This post is second in a series on object detection. The other posts can be found here, here, and here.

This is a direct continuation to the last post where I explored the basics of object detection. In particular, I learnt that a convnet can be used for localization by using appropriate output activations and loss function.

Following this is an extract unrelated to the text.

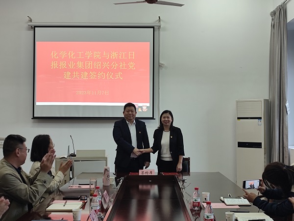 11月7日上午,化学化工学院党委与浙江日报报业集团绍兴分社党支部举行党建共建签约仪式。浙江日报绍兴分社党支部书记、社长陈惠,总监周智敏,事业部主任乐翠球,化学化工学院执行院长曾敏峰、党委书记徐青,双方工作人员和师生代表参加签约仪式。仪式由党委副书记王颖主持。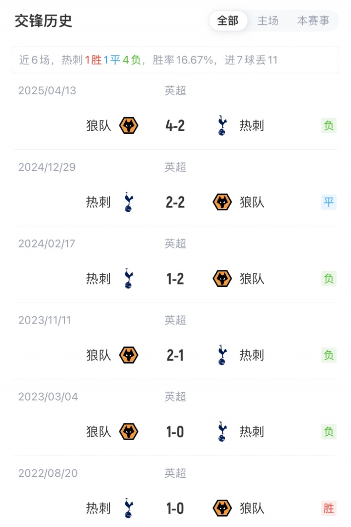 积分榜方面,热刺3胜1平1负积10分,近4场不败;狼队开季5轮连败目前垫底。历史交锋热刺对阵狼队近5场不胜(1平4负)。

I built two separate models for classification and localization respectively and used them on the Pascal VOC dataset.

This post will detail stage 3 of single object detection, ie, classifying and localizing the largest object in an image with a single network.

The approach used below comes from fastai's Deep Learning MOOC (Part 2).

In [0]:
%matplotlib inline
%reload_ext autoreload
%autoreload 2
In [0]:
!pip install -q fastai==0.7.0 torchtext==0.2.3
In [0]:
from fastai.conv_learner import *
from fastai.dataset import *
from pathlib import Path
import json
from PIL import ImageDraw, ImageFont
from matplotlib import patches, patheffects
In [0]:
!wget -qq http://pjreddie.com/media/files/VOCtrainval_06-Nov-2007.tar
!tar -xf VOCtrainval_06-Nov-2007.tar
!wget -qq https://storage.googleapis.com/coco-dataset/external/PASCAL_VOC.zip
!unzip -q PASCAL_VOC.zip
!mkdir -p data/pascal
!mv PASCAL_VOC/* data/pascal
!mv VOCdevkit data/pascal

The following lines of code are directly copied from the last exercise to make this post functional on it's own.

In [0]:
PATH = Path('data/pascal')
trn_j = json.load((PATH/'pascal_train2007.json').open())
IMAGES,ANNOTATIONS,CATEGORIES = ['images', 'annotations', 'categories']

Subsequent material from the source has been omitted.